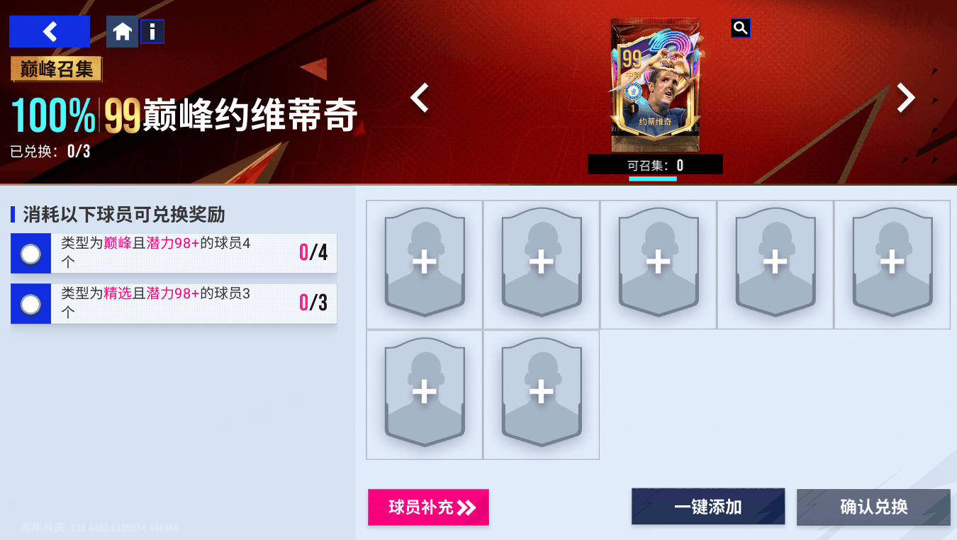 【99巅峰约维蒂奇】阵容召集挑战将于10月24日11时至11月7日11时开启,活动期间累计可进行3次召集挑战,按条件使用指定球员进行召集必得【99巅峰约维蒂奇】。
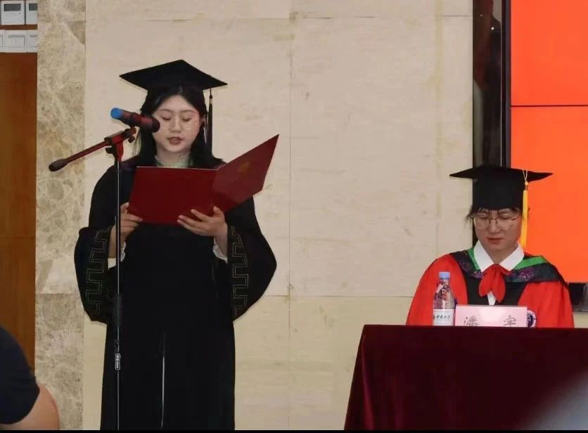 校优秀毕业生代表、2024届园林1班茶志梅代表全体毕业生发言。她分享了自己充实向上的大学生活,向母校、老师和同学表达感谢,向刘佩瑛教授、吴明珠院士等日本动漫
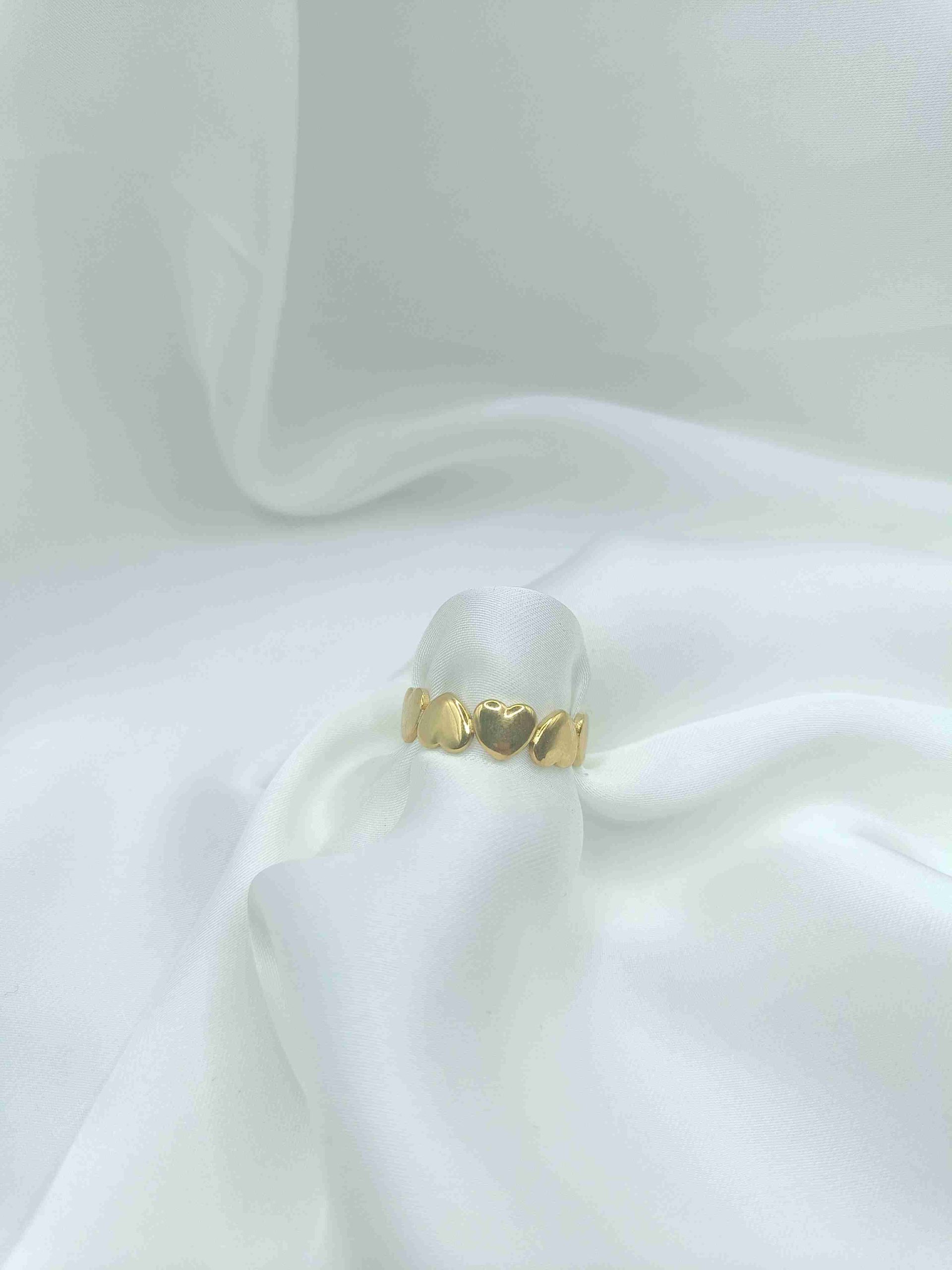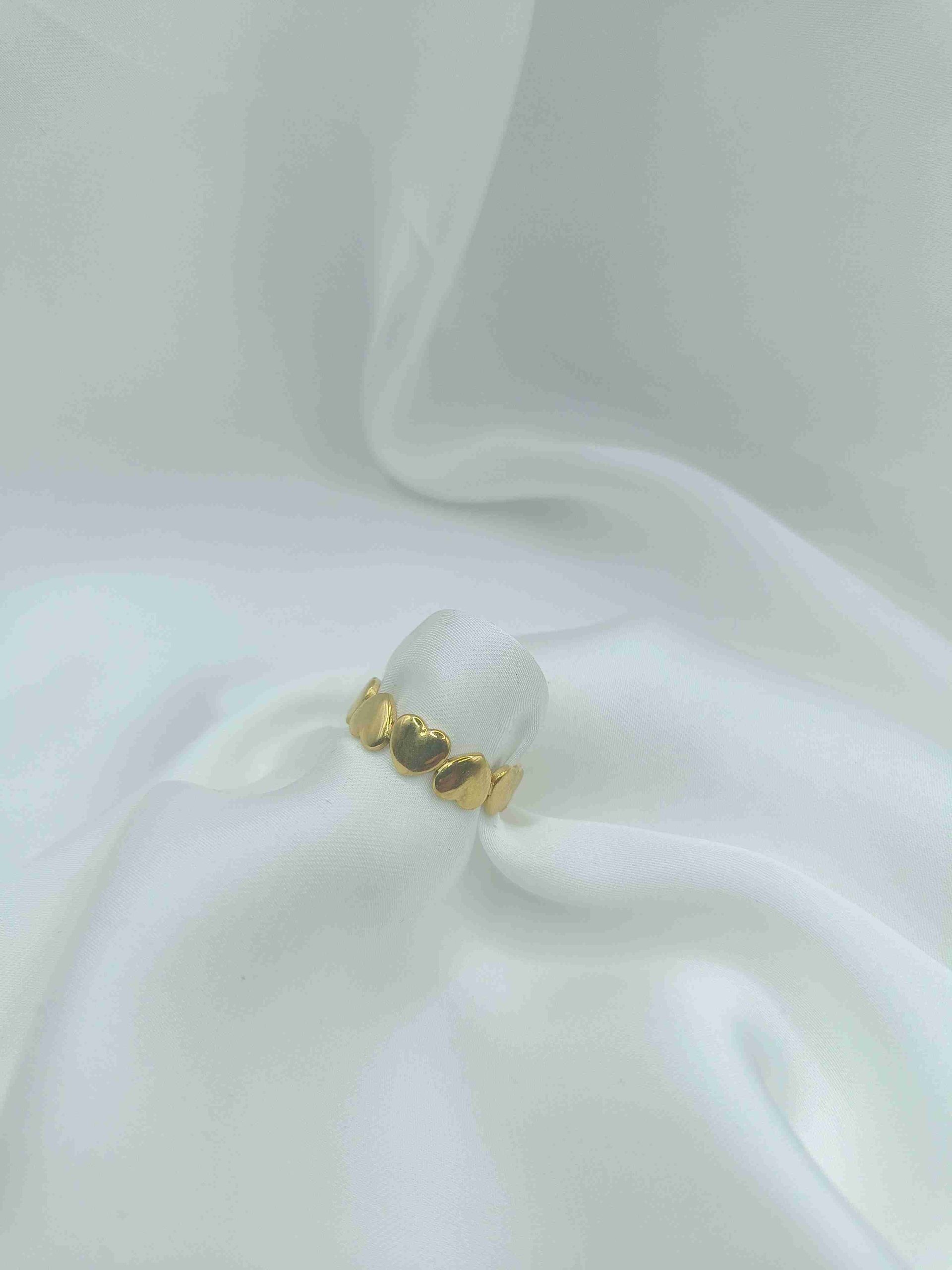 Το Selina είναι ένα γλυκό και παιχνιδιάρικο δαχτυλίδι από ανοξείδωτο ατσάλι σε χρυσή απόχρωση, διακοσμημένο με μια σειρά από μικρές καρδούλες που αγκαλιάζουν το δάχτυλο. Ο σχεδιασμός του αποπνέει ρομαντισμό και λεπτότητα, καθιστώντας το ιδανικό για όσους θέλουν να προσθέσουν μια δόση τρυφερότητας στην καθημερινή τους εμφάνιση. Ένα κόσμημα γεμάτο αγάπη και στυλ.

• Problem to solve
When you reach the line that contains "校优秀毕业生代表、2024届", start copying the listing word for word and stop only after its last line, without any pictures.

• Response
 校优秀毕业生代表、2024届园林1班茶志梅代表全体毕业生发言。她分享了自己充实向上的大学生活,向母校、老师和同学表达感谢,向刘佩瑛教授、吴明珠院士等日本动漫
 Το Selina είναι ένα γλυκό και παιχνιδιάρικο δαχτυλίδι από ανοξείδωτο ατσάλι σε χρυσή απόχρωση, διακοσμημένο με μια σειρά από μικρές καρδούλες που αγκαλιάζουν το δάχτυλο. Ο σχεδιασμός του αποπνέει ρομαντισμό και λεπτότητα, καθιστώντας το ιδανικό για όσους θέλουν να προσθέσουν μια δόση τρυφερότητας στην καθημερινή τους εμφάνιση. Ένα κόσμημα γεμάτο αγάπη και στυλ.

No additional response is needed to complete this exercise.